Don't mind me and my ranting to myself, I just need some way to put down my thoughts.
My frustrations continue with my mail having disappeared into thin air, and the airline we were planning on using putting a restriction on animals flying at the moment (ie. meaning they aren't shipping at all right now, they will revise the restriction on monday which doesn't even help us out since monday is the day with the nicest weather). Theres only three airlines that will ship animals from their airport, so hopefully one of them will let us book a flight.
I won't hear from the breeder until sometime after 1:30 pm, the wait is killing me. I just want to figure something out right away, since the weather looks good on Monday.
I tend to overthink situations - I think I've been through every single possible scenario in my head, and I wasn't able to sleep.
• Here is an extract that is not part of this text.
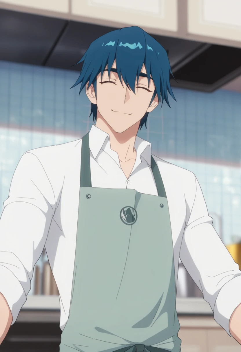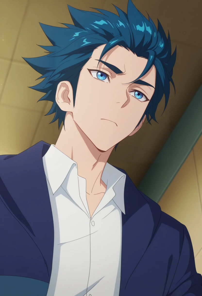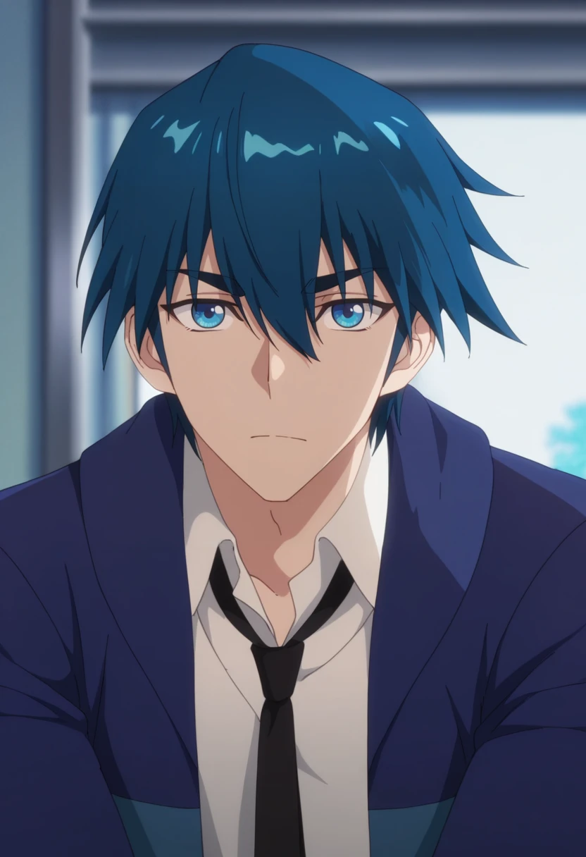ah jie, blue eyes, blue hair, short hair, bangs

I don't know why I get so worked up, it leaves me exhausted and tired, not to mention sad, angry, and grumpy. I'm trying to keep my hopes up and think positive, but things are just not turning out the way they should, and more complications keep arrising.
Part of me keeps wondering if this is all going to fall apart. I'm so in love with Breeze, I don't plan on giving up until we've searched and tried every possible avenue. The breeder doesn't like one of the three airlines because of a bad experience, but its looking like that may be the only airline that will be able to ship. I'll just have to wait and see.